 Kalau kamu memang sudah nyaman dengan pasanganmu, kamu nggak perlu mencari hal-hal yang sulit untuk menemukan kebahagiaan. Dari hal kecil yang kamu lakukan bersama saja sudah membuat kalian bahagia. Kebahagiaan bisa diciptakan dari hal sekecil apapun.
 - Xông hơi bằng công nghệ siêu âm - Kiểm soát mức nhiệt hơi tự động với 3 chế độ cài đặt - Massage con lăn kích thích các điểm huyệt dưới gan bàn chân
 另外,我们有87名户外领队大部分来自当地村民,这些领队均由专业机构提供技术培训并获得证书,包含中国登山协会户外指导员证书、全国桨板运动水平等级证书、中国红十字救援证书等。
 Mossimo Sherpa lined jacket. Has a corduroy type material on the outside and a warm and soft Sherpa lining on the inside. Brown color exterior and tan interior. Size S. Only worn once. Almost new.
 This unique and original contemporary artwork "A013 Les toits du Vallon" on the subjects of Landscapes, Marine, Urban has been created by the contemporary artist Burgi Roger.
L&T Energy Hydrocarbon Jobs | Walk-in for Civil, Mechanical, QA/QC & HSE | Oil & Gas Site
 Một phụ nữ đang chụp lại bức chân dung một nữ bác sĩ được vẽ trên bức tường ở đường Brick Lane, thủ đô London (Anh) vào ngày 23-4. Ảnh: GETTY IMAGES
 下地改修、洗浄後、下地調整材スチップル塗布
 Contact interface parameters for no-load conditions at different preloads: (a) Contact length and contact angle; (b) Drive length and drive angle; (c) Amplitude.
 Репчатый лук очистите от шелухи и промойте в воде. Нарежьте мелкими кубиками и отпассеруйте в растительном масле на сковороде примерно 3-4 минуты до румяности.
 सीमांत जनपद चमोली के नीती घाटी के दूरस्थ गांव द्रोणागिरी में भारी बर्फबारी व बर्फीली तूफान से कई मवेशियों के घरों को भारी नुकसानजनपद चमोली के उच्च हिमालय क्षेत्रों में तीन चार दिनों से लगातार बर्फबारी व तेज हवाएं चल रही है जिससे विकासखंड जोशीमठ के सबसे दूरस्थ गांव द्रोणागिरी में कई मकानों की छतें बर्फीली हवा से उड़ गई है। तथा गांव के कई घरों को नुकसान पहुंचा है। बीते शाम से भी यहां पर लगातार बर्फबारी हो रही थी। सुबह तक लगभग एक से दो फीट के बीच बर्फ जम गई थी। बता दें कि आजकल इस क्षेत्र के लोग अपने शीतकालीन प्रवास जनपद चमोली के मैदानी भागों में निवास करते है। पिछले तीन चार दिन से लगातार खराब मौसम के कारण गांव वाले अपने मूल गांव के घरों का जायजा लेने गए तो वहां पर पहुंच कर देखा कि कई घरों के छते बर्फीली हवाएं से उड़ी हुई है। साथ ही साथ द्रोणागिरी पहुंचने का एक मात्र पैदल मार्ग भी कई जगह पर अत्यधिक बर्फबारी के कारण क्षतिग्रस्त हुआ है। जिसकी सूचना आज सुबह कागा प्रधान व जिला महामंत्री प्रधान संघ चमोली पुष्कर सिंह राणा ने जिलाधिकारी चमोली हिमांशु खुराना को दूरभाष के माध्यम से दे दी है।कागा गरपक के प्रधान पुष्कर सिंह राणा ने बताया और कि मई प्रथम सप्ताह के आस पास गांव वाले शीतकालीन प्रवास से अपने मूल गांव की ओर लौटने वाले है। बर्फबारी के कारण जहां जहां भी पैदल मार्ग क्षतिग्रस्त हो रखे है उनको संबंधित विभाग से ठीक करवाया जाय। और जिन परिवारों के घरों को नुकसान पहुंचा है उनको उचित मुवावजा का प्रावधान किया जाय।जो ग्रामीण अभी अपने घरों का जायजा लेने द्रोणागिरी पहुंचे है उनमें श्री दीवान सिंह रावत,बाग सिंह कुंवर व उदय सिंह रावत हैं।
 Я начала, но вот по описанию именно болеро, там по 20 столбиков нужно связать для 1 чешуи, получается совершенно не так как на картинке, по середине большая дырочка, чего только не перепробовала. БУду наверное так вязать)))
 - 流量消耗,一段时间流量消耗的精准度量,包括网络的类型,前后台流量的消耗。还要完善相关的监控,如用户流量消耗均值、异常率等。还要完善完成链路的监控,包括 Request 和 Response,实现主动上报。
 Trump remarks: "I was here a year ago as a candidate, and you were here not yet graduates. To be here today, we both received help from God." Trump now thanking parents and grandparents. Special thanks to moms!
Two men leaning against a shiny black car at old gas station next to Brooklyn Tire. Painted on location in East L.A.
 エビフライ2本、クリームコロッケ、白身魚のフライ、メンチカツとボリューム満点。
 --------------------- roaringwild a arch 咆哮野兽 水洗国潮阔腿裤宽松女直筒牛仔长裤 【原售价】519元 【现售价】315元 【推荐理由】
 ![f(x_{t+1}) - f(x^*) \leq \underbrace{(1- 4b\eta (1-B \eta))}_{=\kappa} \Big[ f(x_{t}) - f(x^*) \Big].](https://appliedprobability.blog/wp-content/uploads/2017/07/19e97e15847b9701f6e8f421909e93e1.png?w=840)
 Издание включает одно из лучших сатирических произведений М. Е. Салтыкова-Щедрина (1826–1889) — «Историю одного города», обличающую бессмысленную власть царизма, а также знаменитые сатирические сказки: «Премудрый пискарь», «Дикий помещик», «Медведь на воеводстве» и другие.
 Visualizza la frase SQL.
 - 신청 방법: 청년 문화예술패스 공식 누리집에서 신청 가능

# # # # #

- **THE PROBLEM**: Copy the lines of the data above exactly as written, beginning with the line containing "Một phụ nữ đang" and ending with the line containing "下地改修、洗浄後、下地調整材スチップル塗布", and leave out all other lines.

- **REPLY**:
 Một phụ nữ đang chụp lại bức chân dung một nữ bác sĩ được vẽ trên bức tường ở đường Brick Lane, thủ đô London (Anh) vào ngày 23-4. Ảnh: GETTY IMAGES
 下地改修、洗浄後、下地調整材スチップル塗布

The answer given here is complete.